● Task material
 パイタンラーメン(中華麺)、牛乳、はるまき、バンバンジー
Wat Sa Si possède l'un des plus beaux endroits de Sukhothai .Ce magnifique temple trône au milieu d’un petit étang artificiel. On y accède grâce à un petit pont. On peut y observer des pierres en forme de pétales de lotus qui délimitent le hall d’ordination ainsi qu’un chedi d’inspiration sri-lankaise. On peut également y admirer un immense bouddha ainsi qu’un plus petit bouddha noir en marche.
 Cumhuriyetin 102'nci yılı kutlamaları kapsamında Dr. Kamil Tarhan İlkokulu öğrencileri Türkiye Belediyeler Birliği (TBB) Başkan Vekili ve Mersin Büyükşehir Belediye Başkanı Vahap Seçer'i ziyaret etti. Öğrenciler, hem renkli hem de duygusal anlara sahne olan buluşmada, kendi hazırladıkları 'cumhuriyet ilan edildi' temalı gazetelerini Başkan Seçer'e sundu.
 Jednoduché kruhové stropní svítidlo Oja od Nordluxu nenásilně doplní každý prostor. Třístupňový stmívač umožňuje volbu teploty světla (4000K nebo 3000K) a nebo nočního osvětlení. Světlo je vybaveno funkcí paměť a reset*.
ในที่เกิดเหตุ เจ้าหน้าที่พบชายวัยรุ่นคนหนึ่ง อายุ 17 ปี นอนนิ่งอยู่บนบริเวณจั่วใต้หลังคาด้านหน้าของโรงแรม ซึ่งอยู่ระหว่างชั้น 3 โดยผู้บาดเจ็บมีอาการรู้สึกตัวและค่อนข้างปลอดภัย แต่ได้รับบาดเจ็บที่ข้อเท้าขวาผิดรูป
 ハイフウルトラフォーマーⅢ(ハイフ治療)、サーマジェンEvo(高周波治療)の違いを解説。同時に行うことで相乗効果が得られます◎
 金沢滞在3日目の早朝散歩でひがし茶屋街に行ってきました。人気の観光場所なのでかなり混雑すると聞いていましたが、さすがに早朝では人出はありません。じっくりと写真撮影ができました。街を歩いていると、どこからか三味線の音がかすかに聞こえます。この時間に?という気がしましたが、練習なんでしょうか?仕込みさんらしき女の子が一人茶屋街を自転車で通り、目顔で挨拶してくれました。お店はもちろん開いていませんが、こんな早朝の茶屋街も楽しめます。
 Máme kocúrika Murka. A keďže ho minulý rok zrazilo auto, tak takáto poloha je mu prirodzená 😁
...
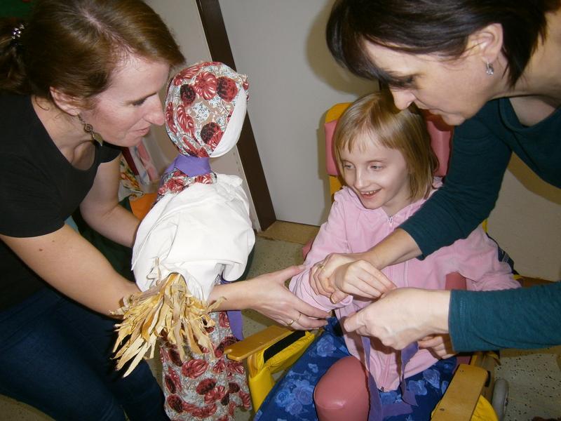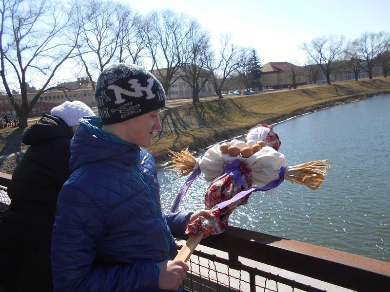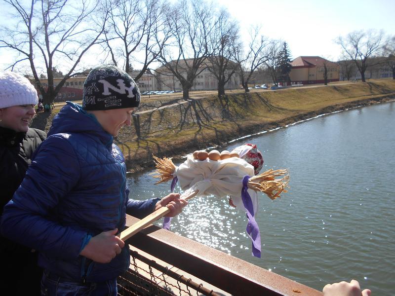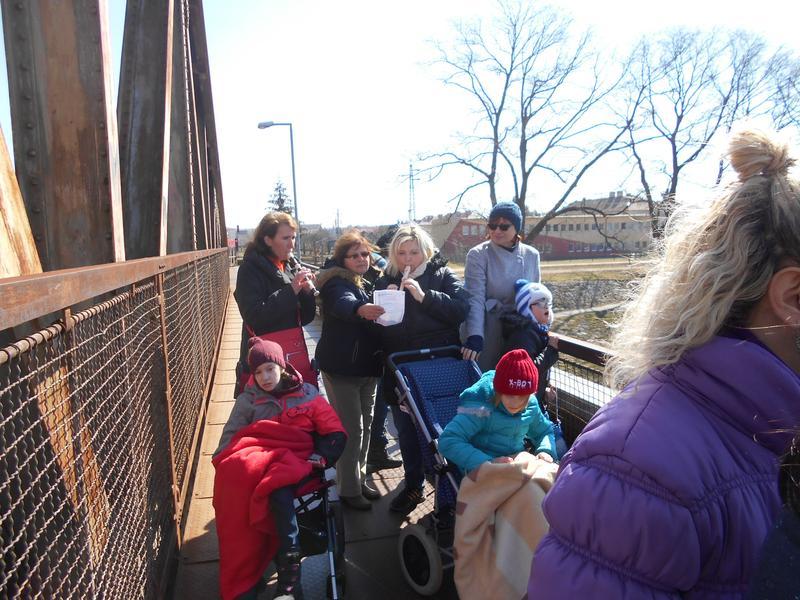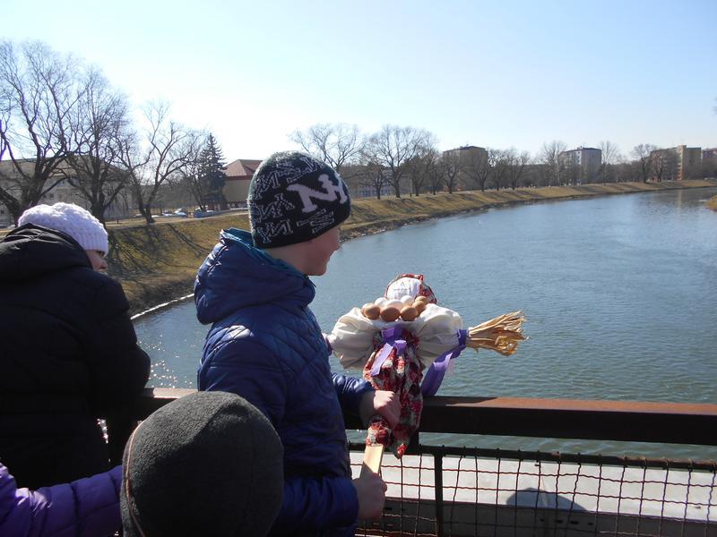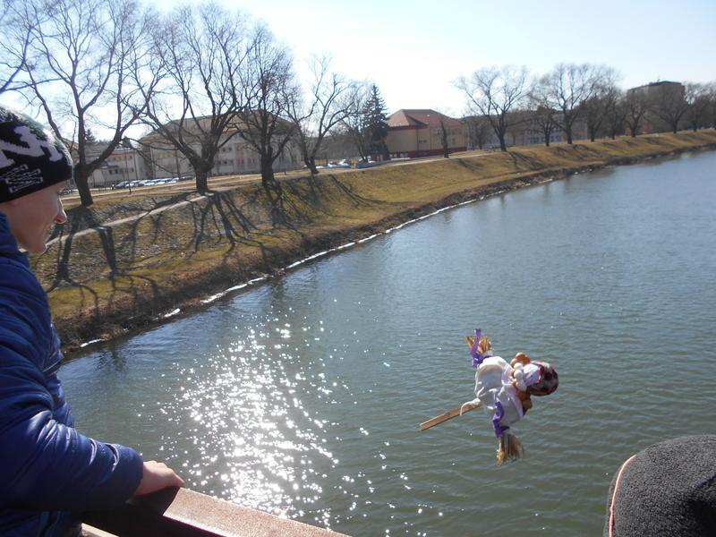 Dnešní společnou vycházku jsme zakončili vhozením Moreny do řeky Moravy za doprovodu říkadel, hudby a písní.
---
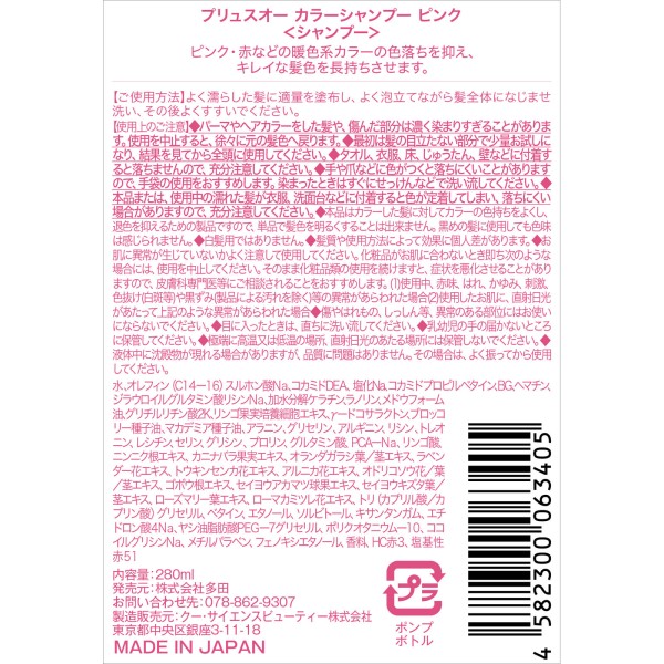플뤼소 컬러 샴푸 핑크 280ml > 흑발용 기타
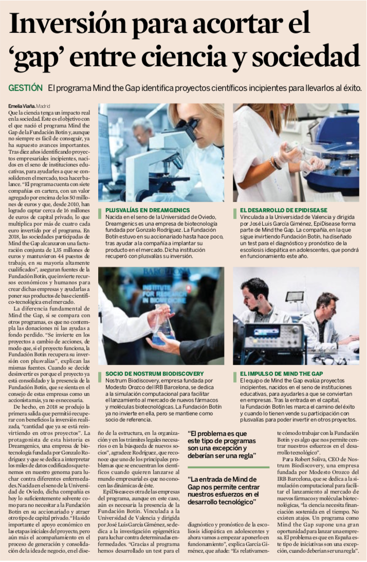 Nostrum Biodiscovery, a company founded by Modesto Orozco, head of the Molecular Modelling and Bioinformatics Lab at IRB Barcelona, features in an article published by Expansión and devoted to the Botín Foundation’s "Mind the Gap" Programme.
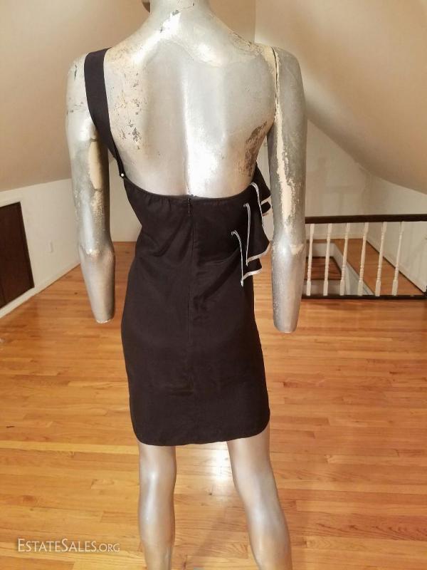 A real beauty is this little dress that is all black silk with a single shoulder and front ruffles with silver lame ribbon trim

● Instructions to follow
Both end lines included, restate word for word the lines above from the line with "ハイフウルトラフォーマーⅢ(ハイフ治療)" to the line with "Máme kocúrika Murka.", and nothing else.

● Result of the exercise
 ハイフウルトラフォーマーⅢ(ハイフ治療)、サーマジェンEvo(高周波治療)の違いを解説。同時に行うことで相乗効果が得られます◎
 金沢滞在3日目の早朝散歩でひがし茶屋街に行ってきました。人気の観光場所なのでかなり混雑すると聞いていましたが、さすがに早朝では人出はありません。じっくりと写真撮影ができました。街を歩いていると、どこからか三味線の音がかすかに聞こえます。この時間に?という気がしましたが、練習なんでしょうか?仕込みさんらしき女の子が一人茶屋街を自転車で通り、目顔で挨拶してくれました。お店はもちろん開いていませんが、こんな早朝の茶屋街も楽しめます。
 Máme kocúrika Murka. A keďže ho minulý rok zrazilo auto, tak takáto poloha je mu prirodzená 😁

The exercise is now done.